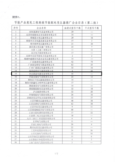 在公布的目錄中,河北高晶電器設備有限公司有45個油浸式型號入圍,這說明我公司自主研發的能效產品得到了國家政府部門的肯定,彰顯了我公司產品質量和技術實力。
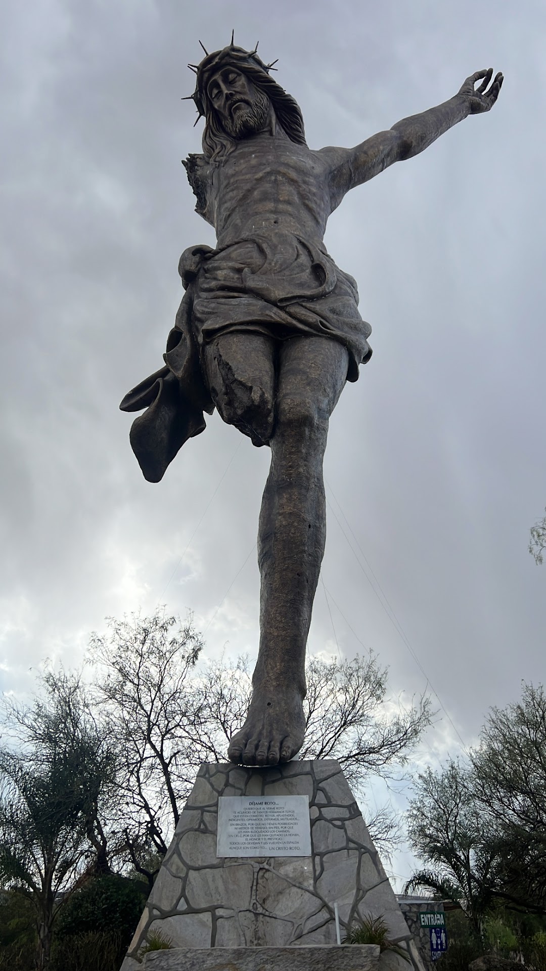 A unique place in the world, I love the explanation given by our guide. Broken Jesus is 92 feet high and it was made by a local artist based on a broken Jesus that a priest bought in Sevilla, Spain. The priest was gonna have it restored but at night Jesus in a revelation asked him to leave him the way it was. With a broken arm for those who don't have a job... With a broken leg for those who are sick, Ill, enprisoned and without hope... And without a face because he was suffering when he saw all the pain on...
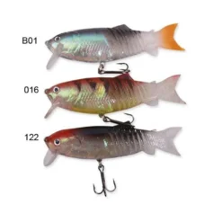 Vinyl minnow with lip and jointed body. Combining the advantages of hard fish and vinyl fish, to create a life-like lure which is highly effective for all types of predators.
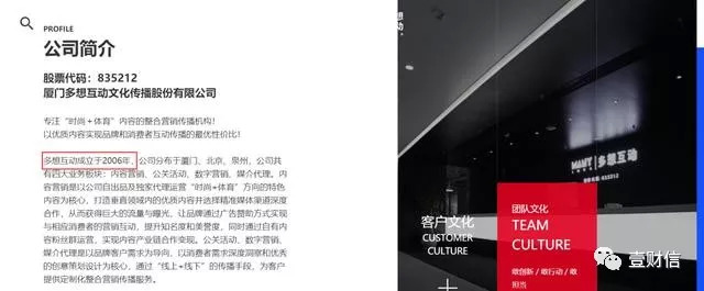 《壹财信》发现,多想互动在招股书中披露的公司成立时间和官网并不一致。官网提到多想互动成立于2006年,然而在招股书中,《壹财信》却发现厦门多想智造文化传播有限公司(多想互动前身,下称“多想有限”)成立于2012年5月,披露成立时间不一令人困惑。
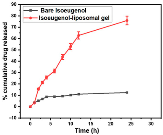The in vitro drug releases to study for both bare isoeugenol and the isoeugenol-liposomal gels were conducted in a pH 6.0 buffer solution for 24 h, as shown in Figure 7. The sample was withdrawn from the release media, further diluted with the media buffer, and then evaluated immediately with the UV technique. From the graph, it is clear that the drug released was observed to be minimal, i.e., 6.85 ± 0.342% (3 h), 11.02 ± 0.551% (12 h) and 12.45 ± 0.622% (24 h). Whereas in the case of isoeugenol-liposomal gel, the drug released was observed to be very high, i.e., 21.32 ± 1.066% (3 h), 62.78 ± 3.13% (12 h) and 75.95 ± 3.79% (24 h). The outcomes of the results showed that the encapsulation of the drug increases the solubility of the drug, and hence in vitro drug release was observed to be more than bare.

**********

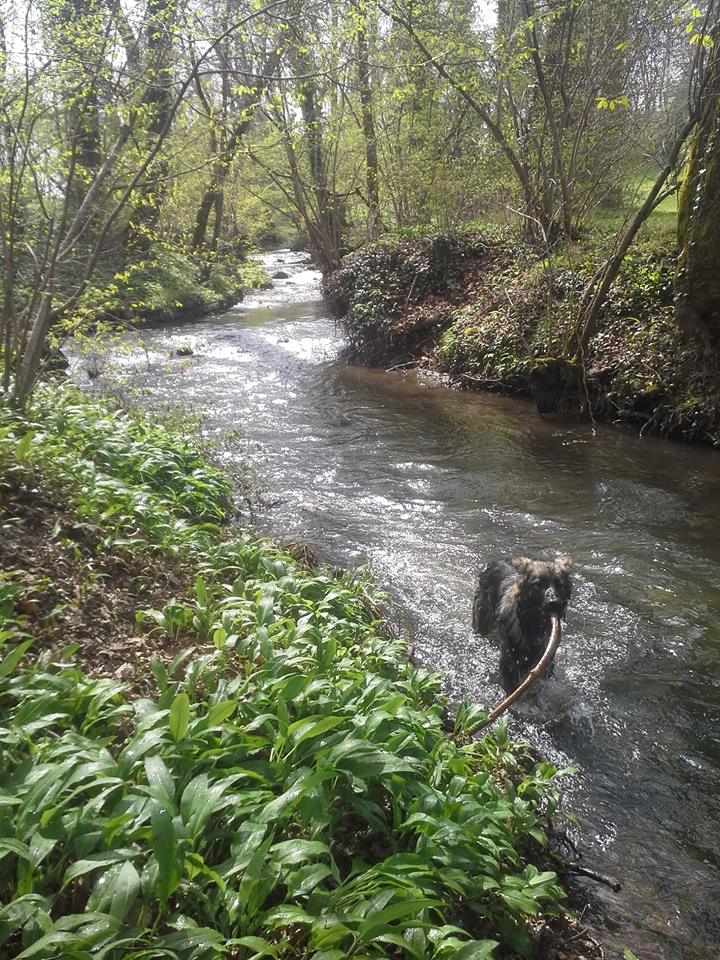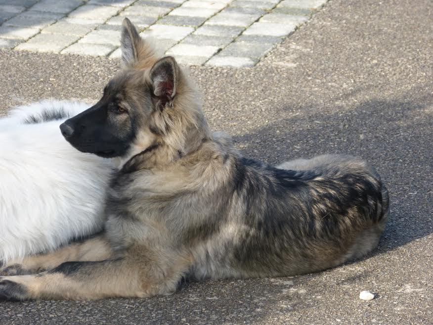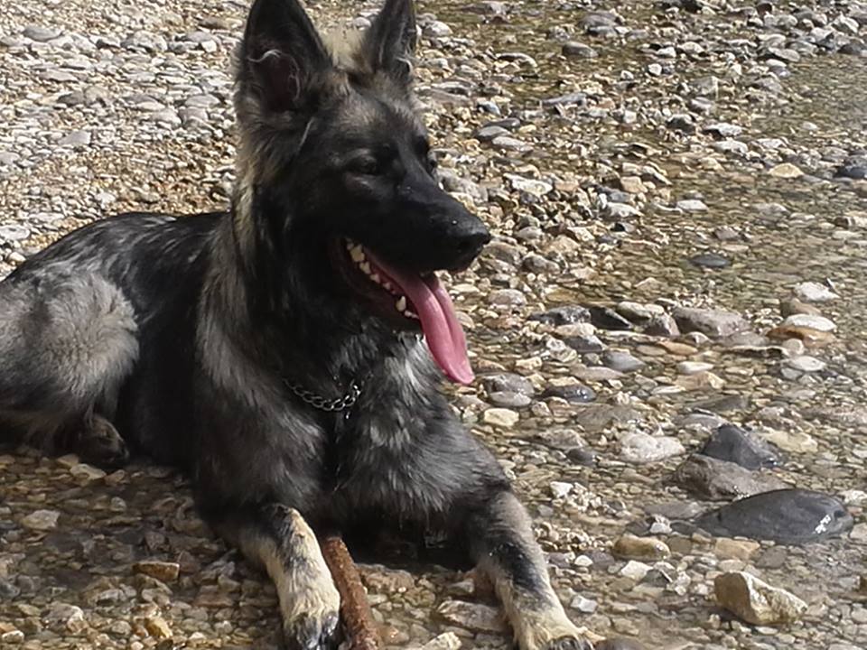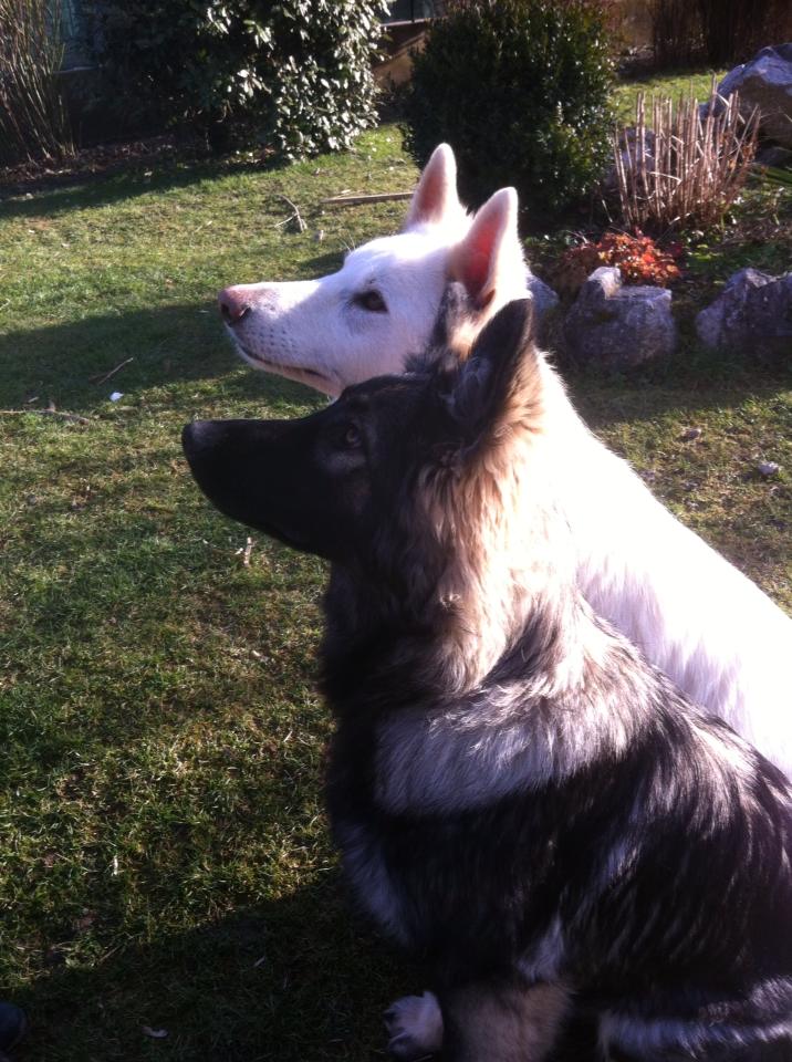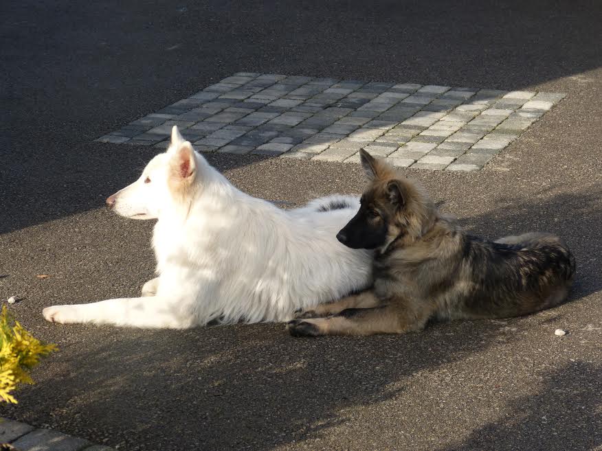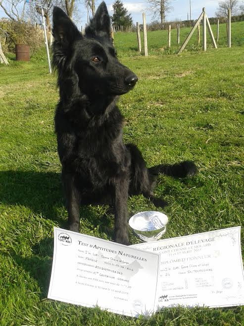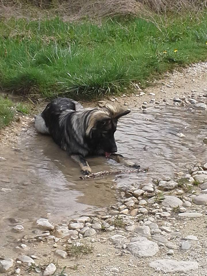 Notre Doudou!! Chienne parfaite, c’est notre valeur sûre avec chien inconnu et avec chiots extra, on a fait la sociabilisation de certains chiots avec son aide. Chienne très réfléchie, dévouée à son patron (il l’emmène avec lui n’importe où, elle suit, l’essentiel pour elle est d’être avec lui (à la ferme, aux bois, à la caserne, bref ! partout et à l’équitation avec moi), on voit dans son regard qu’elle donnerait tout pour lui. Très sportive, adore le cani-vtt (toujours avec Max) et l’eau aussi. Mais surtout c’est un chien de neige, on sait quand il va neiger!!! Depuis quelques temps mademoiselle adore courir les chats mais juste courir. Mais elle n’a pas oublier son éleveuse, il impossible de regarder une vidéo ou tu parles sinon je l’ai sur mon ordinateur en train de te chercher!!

**********

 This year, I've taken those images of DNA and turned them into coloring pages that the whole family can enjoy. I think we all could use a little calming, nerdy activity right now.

**********

**WORK ITEM**.
Each line above starting at the one holding "Vinyl minnow with" and ending at the one holding "The in vitro" should be set down exactly as it stands, both ends included, with no pictures.

**RESULT**.
 Vinyl minnow with lip and jointed body. Combining the advantages of hard fish and vinyl fish, to create a life-like lure which is highly effective for all types of predators.
 《壹财信》发现,多想互动在招股书中披露的公司成立时间和官网并不一致。官网提到多想互动成立于2006年,然而在招股书中,《壹财信》却发现厦门多想智造文化传播有限公司(多想互动前身,下称“多想有限”)成立于2012年5月,披露成立时间不一令人困惑。
The in vitro drug releases to study for both bare isoeugenol and the isoeugenol-liposomal gels were conducted in a pH 6.0 buffer solution for 24 h, as shown in Figure 7. The sample was withdrawn from the release media, further diluted with the media buffer, and then evaluated immediately with the UV technique. From the graph, it is clear that the drug released was observed to be minimal, i.e., 6.85 ± 0.342% (3 h), 11.02 ± 0.551% (12 h) and 12.45 ± 0.622% (24 h). Whereas in the case of isoeugenol-liposomal gel, the drug released was observed to be very high, i.e., 21.32 ± 1.066% (3 h), 62.78 ± 3.13% (12 h) and 75.95 ± 3.79% (24 h). The outcomes of the results showed that the encapsulation of the drug increases the solubility of the drug, and hence in vitro drug release was observed to be more than bare.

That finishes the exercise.